6. Exponential Growth: The Problem SPEX Solves
If you have n features, the number of possible pairs is roughly n², and triplets scale as n³. For a typical LLM input with 1,000 tokens, that's hundreds of thousands of pairs and more than 166 million triplets—impossible to evaluate exhaustively. The same explosion occurs for training data points (millions of examples) and internal components (thousands of attention heads). SPEX and ProxySPEX tackle this by formulating the search as an optimization problem. They leverage the fact that most interactions are irrelevant, and only a sparse set of combinations actually matter. Using techniques like greedy search, submodular optimization, or learned representations, they focus the ablation budget on high-impact subsets. This makes the difference between a theoretical method and one that works in practice.
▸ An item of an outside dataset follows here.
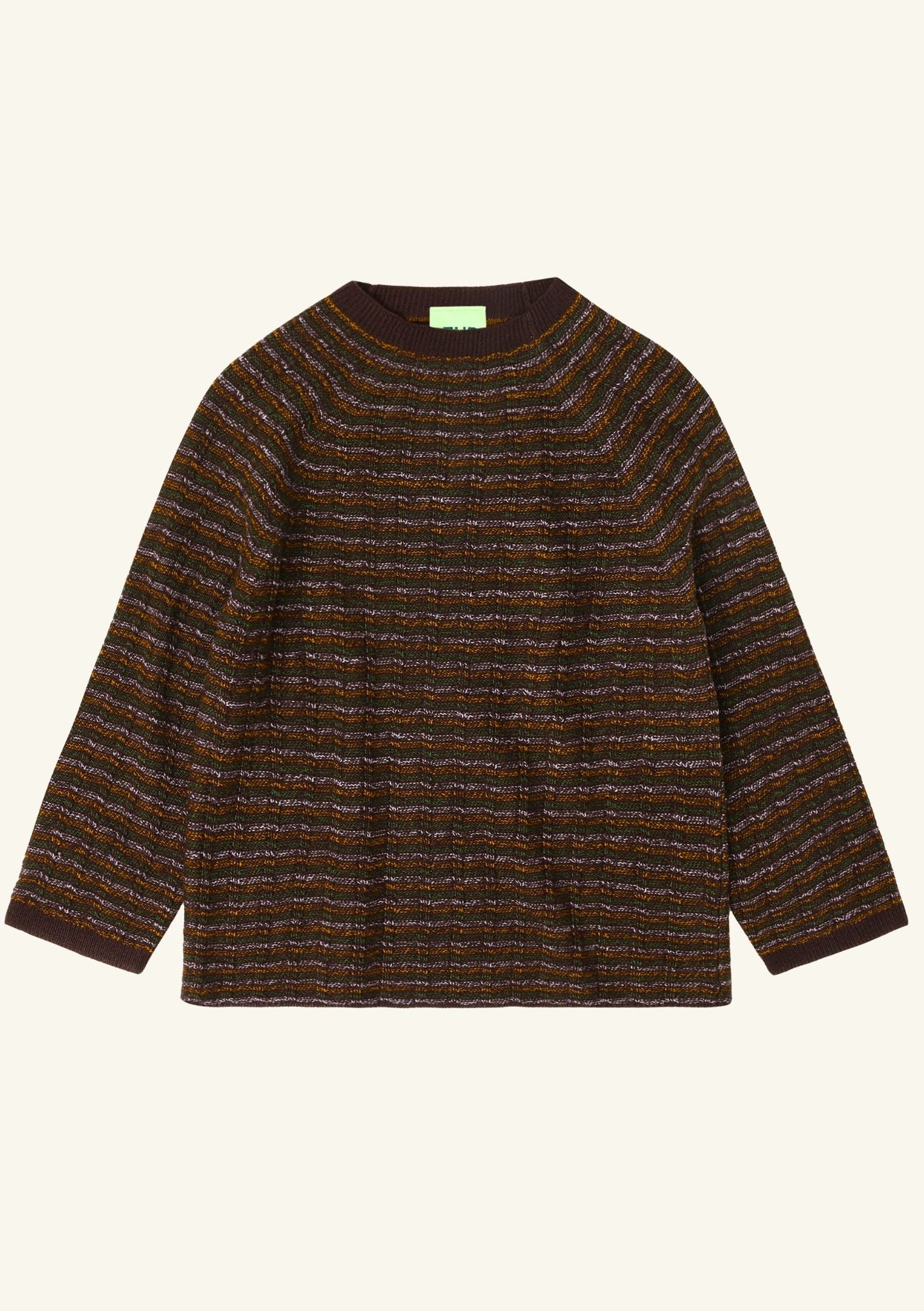 Denne sweater er lavet af ren merinould og har en ribstrikket halskant, raglanærmer og en afslappet pasform. Den er strikket i en klassisk ribstruktur med smalle garnfarvede striber. Vores merinould er BLUESIGN® og RWS certificeret, fri for skadelig kemi og stammer fra får, der ikke har været udsat for mulesing.

7. Real-World Applications: Debugging and Safety
The ability to identify interactions at scale has immediate practical benefits. Model builders can use these attributions to debug unexpected behaviors—for example, finding that a model's toxic response is driven by a combination of a biased training example and a specific attention head. For safety, interaction-aware attributions can reveal hidden vulnerabilities, such as a prompt that only becomes harmful when two seemingly innocent features are combined. In medical or legal domains, knowing exactly which input segments (and their interplay) drive a decision is critical for regulatory compliance. Furthermore, by understanding how training data interactions shape model behavior, companies can curate more balanced datasets. SPEX and ProxySPEX provide the scalability needed to conduct these analyses routinely, even for state-of-the-art LLMs.
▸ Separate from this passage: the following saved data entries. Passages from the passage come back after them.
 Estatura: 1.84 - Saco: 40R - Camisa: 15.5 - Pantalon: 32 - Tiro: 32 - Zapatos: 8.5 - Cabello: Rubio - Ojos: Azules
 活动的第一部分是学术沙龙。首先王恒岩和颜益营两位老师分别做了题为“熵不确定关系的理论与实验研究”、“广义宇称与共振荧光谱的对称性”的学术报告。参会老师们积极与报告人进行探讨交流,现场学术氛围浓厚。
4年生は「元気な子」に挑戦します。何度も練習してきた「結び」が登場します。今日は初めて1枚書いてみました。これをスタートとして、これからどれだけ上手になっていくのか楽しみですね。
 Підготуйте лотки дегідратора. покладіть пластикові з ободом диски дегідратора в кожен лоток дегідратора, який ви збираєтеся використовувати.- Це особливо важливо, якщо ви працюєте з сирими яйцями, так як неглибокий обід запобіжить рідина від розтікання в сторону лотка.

8. Future Directions: Toward More Efficient Methods
While SPEX and ProxySPEX represent a significant leap, the field continues to evolve. Researchers are exploring ways to combine these algorithms with mechanistic interpretability tools, such as causal tracing or activation patching, to get finer-grained insights. Another frontier is contextual interaction—how interactions change depending on the input distribution or task. There is also work on reducing the number of ablations even further by using active learning or reinforcement learning to guide the search. As LLMs become larger and more multimodal, scaling interaction discovery will remain a top priority. The ultimate goal is interpretability that keeps pace with model growth, making AI systems not only more powerful but also more transparent and accountable.
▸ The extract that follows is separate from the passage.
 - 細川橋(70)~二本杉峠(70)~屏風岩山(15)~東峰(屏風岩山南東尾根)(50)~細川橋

Identifying interactions at scale is no small feat, but as we've seen, tools like SPEX and ProxySPEX turn an impossible problem into a manageable one. By using ablation as a measuring stick and smart algorithms to shrink the search space, these methods let us peel back the layers of complexity inside LLMs. The insights gained—whether debugging a model's response, improving training data, or ensuring safety—are invaluable. The eight points above highlight both the challenges and the promising solutions, showing that even as models grow, our ability to understand them can grow too. As interpretability research continues, expect even faster and more precise techniques to emerge, making AI a little less mysterious and a lot more trustworthy.